--- INFORMATION PROVIDED Enclosed Below ---
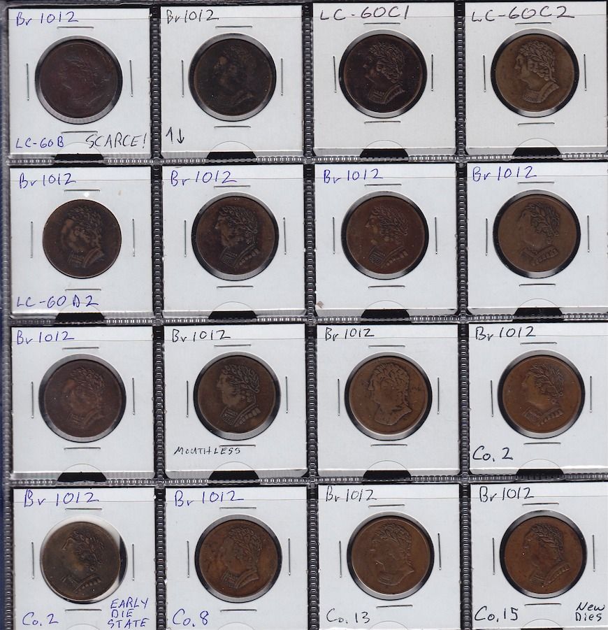 Bust & Harp Lot of 16 Tokens. Includes: BR 1012, VG-VF, various Courteau numbers. 16 Pcs.
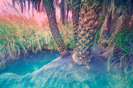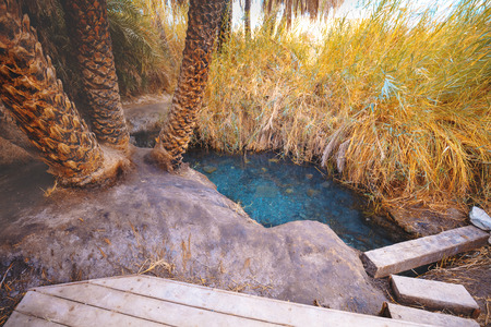 Beautiful waterfall with date palms at Chebika, Tunisia. No people, sunny day
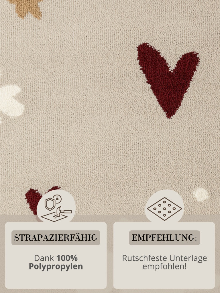 | Pflegehinweise | Flecken sofort entfernen , Leicht zu reinigen , Regelmäßig saugen , Ausklopfen |
--- End of Enclosed INFORMATION PROVIDED ---
Reproduce the full listing verbatim so that only the pictures are missing.

 Bust & Harp Lot of 16 Tokens. Includes: BR 1012, VG-VF, various Courteau numbers. 16 Pcs.
 Beautiful waterfall with date palms at Chebika, Tunisia. No people, sunny day
 | Pflegehinweise | Flecken sofort entfernen , Leicht zu reinigen , Regelmäßig saugen , Ausklopfen |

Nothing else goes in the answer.